The binary number system is in many ways well suited to the bisection method.

To see why, suppose we are searching for a solution to $f(x) = 0$ in the interval $[0, 32]$, and suppose there is a unique solution $x=19$ (although we don't know that yet!).

Using the bisection method, we will obtain several intervals $[a_n, b_n]$, and when we arrive at $x=19$, we will discover that we have found the solution exactly.
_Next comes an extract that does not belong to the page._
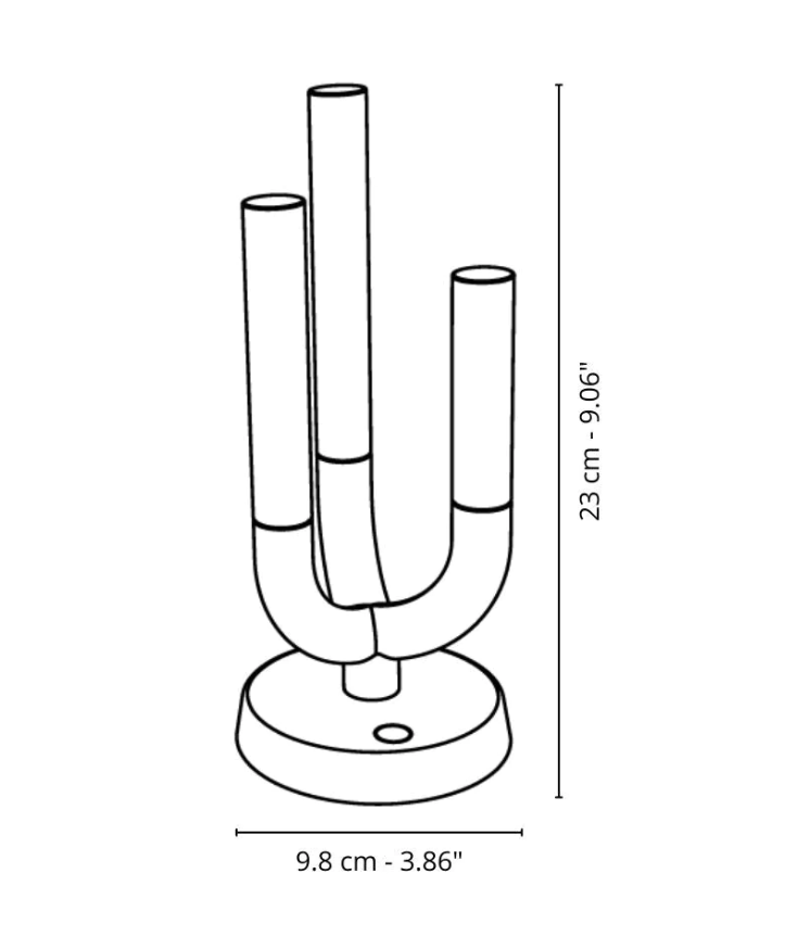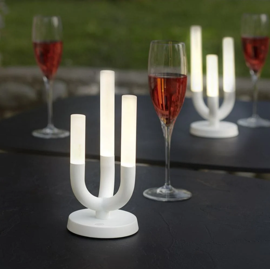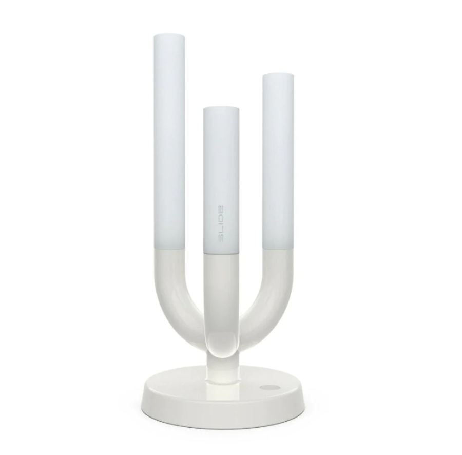 Lunas fremragende ydeevne er indrammet af en malet aluminiumsbase og tre cylindriske stilke i uigennemsigtig plexiglas, der hver er udstyret med en LED-lyskilde med et varmt lys på 2700K.
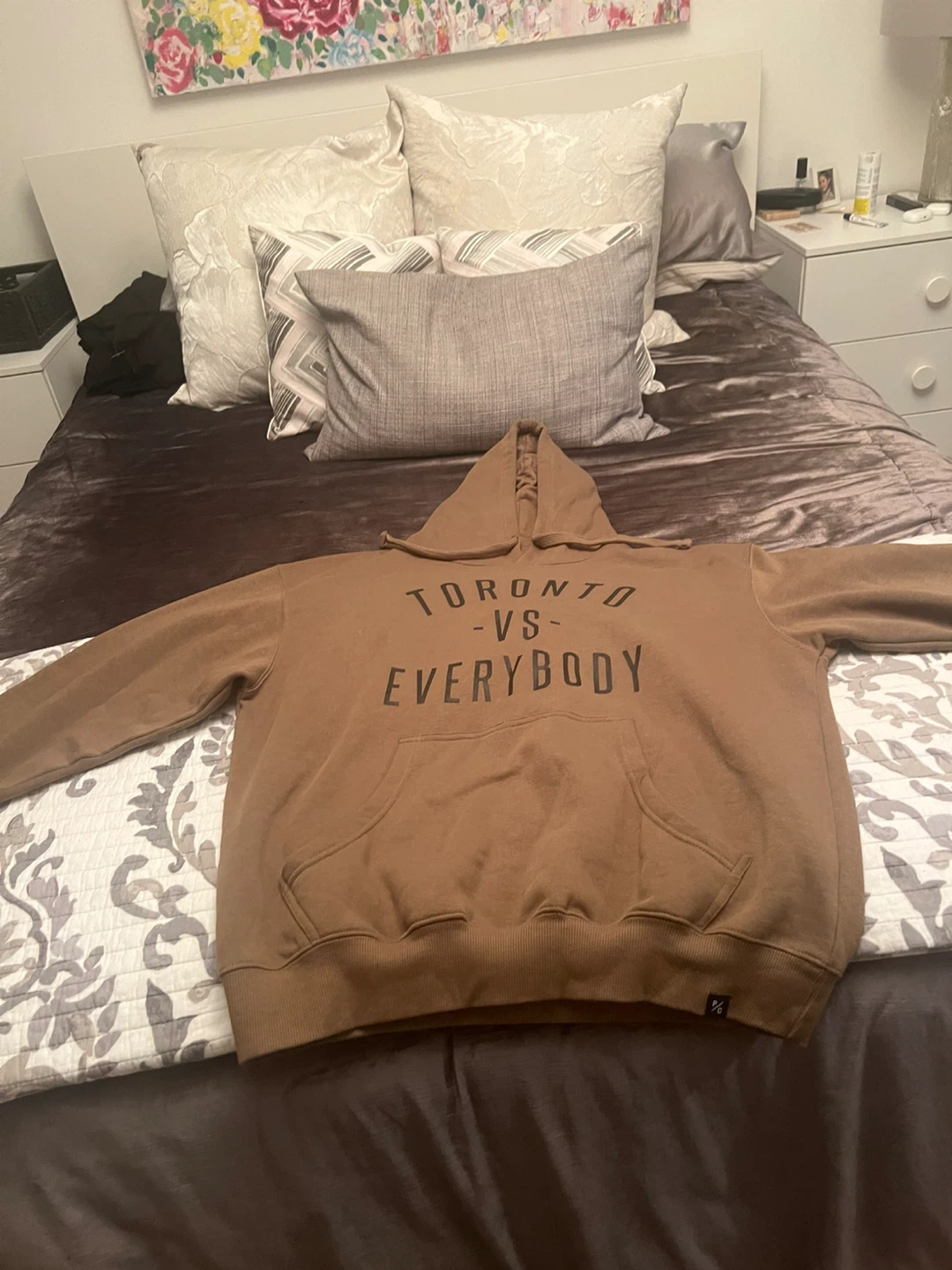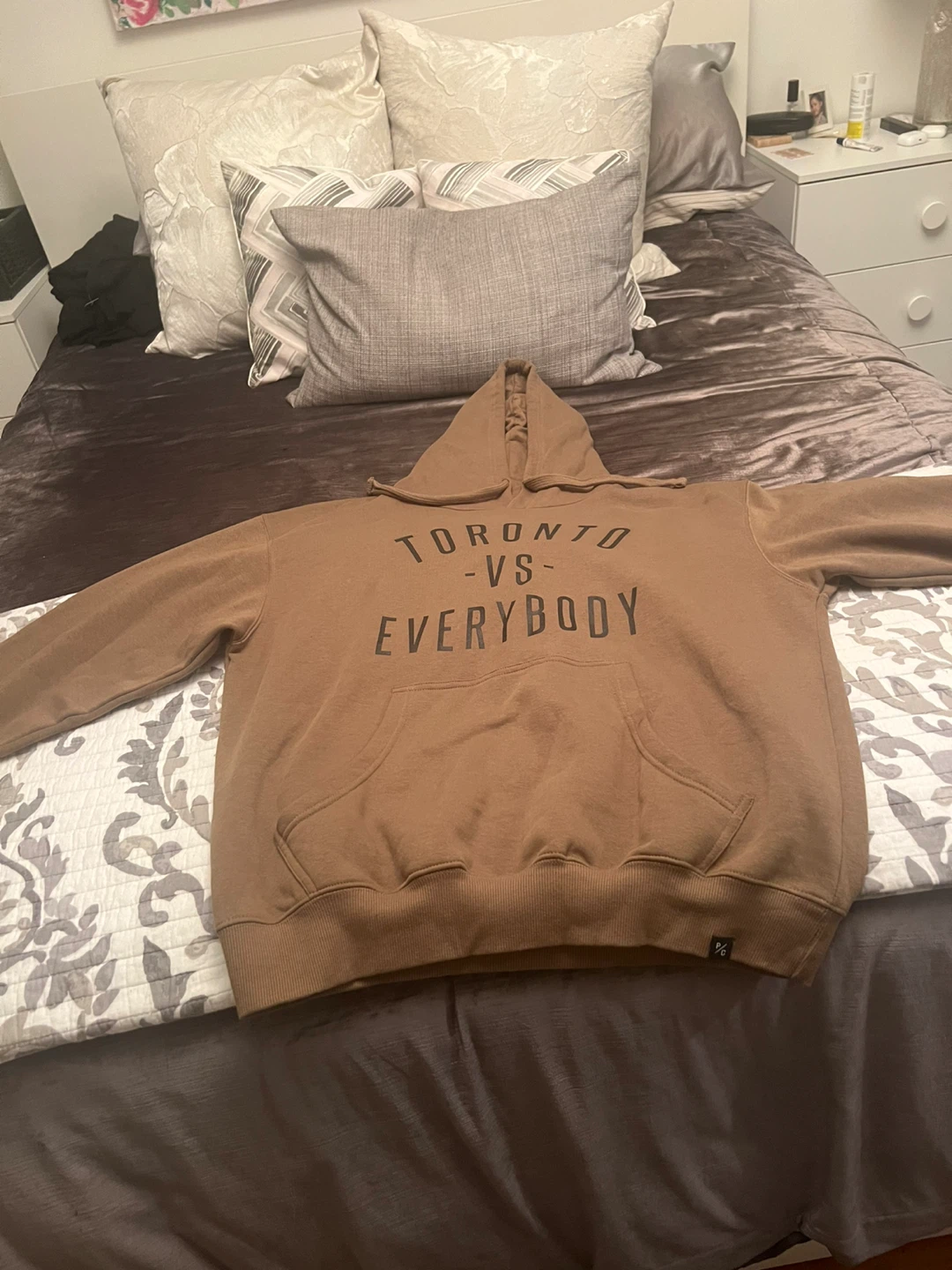 Selling a Peace Collective hoodie with "Toronto Vs Everybody" printed on the front. It's a size L/TP (Large). Designed in Canada! Like new condition. Khaki color.

We can write out these intervals; we do so in both decimal and binary notation.

Interval | $[a_0, b_0]$ | $[a_1, b_1]$ | $[a_2, b_2]$ | $[a_3, b_3]$ | $[a_4, b_4]$ |

Decimal | $[0, 32]$ | $[16, 32]$ | $[16, 24]$ | $[16, 20]$ | $[18, 20]$ |

Binary | [0, 100000] | [10000, 100000] | [10000, 11000] | [10000, 10100] | [10010, 10100] |

We illustrate these intervals below, denoting binary numbers with a subscript $2$. As in previous illustrations, the intervals $[a_n,b_n]$ are shown in green and the solution in red.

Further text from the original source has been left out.